Торговец повернулся к чернокожим и бросил им одежду, в которой обычно выставляли на продажу рабов-мужчин, — светлые широкие льняные брюки. Туловище до пояса, как правило, оставалось обнаженным, потому что покупатели хотели видеть мышцы рабов. Они также интересовались тем, не было ли на их спинах рубцов от плети. Непокорные рабы стоили дешевле.
— Ну что, вы скоро? — спросил продавец, угрожающе помахивая плеткой.
Джеф уставился на Бонни, которая не поднимала головы и смотрела в пол. В конце концов он опомнился и стянул рубашку через голову. Бонни нерешительно развязала пояс на брюках, под которыми были только короткие трусы.

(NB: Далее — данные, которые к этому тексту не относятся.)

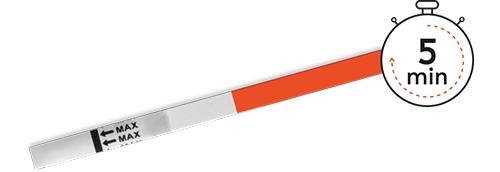 Vänta i 1-5 minuter innan du läser av resultatet och låt teststickan ligga helt still. När teststickan börjar reagera färgas hela resultatområdet ljust rosa.
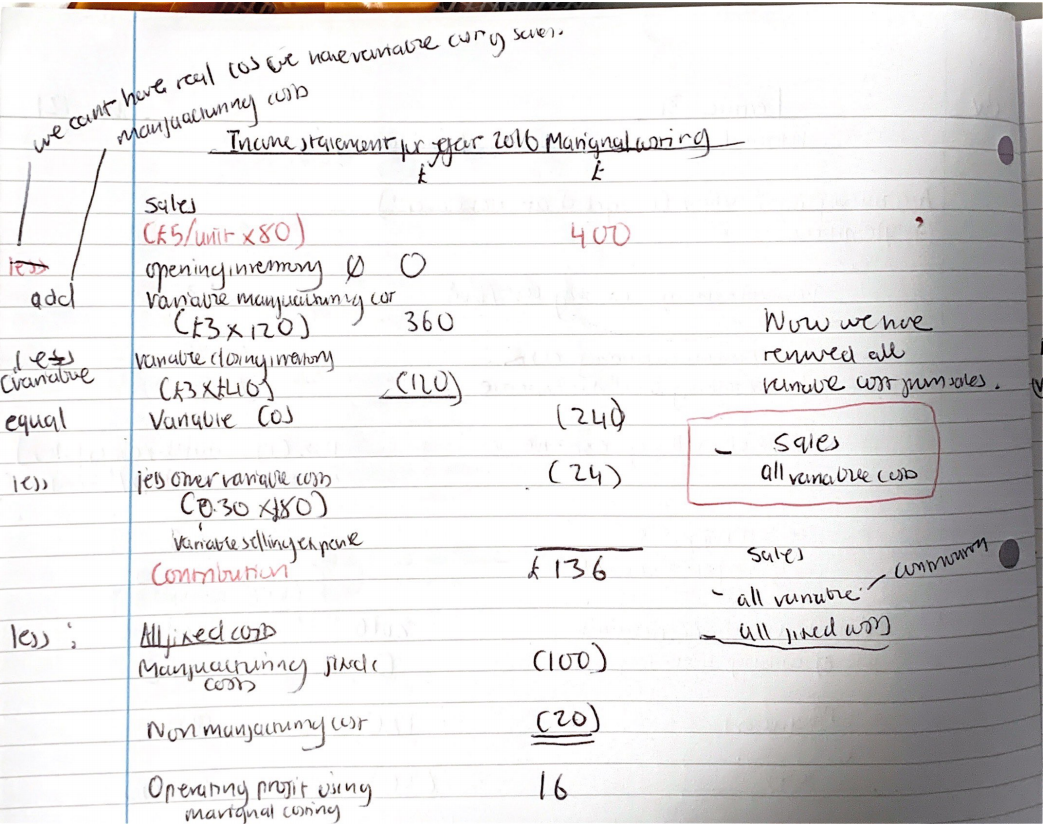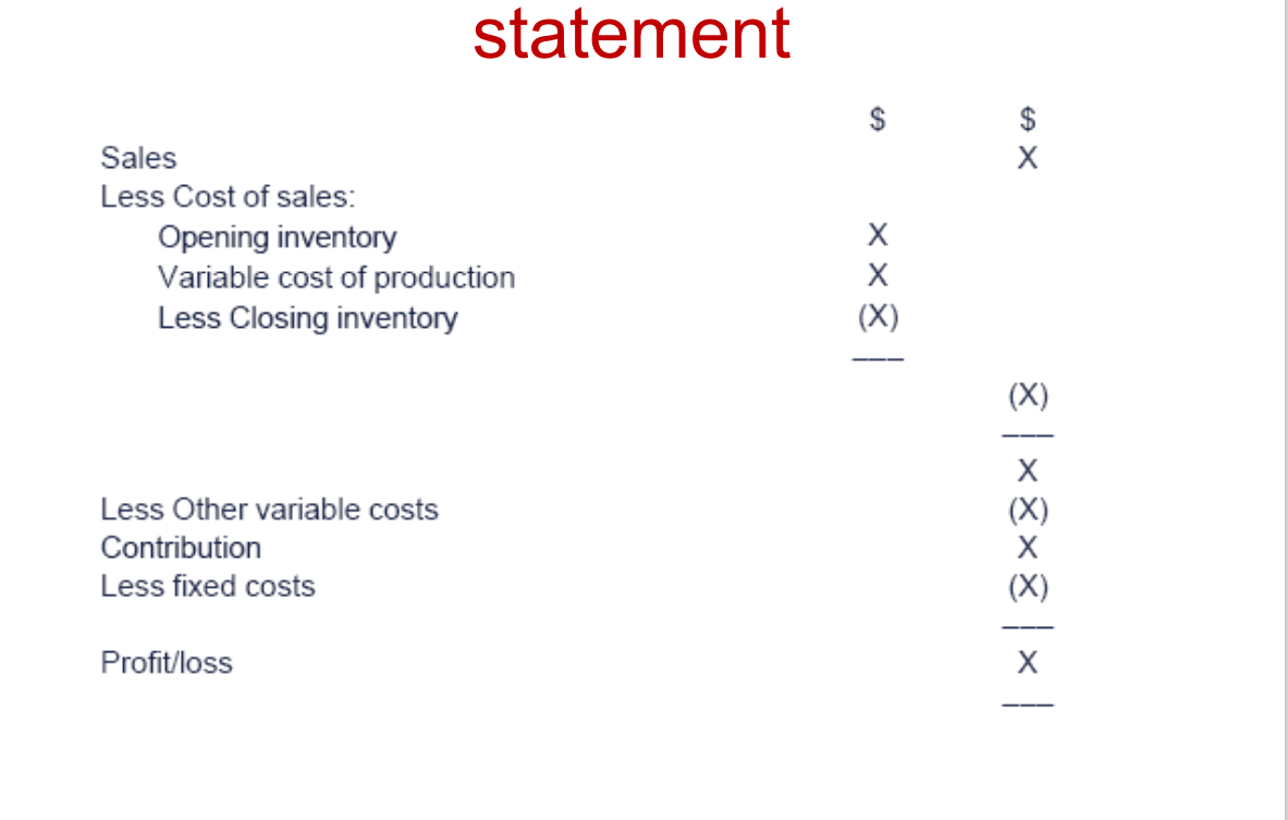 The aim is to reach a figure called contribution, so in traditional income statement you have revenue - cost of sales = gross profit - expenses to get operating profit. Under marginal costing we want to sepatate the fixed cost from variable cost.

— Раздевайтесь донага! — заорал продавец. — Снимайте все, паршивцы, я хочу видеть только голую черную кожу! Не хватало еще, чтобы кто-то из вас спрятал под одеждой нож!
Джеф выскользнул из своих штанов и теперь стоял перед торговцем и жандармом таким, каким его создал Бог. Это было великолепное зрелище, и торговец восторженно свистнул сквозь зубы. Бонни робко сложила руки на груди и наконец стащила рубашку через голову.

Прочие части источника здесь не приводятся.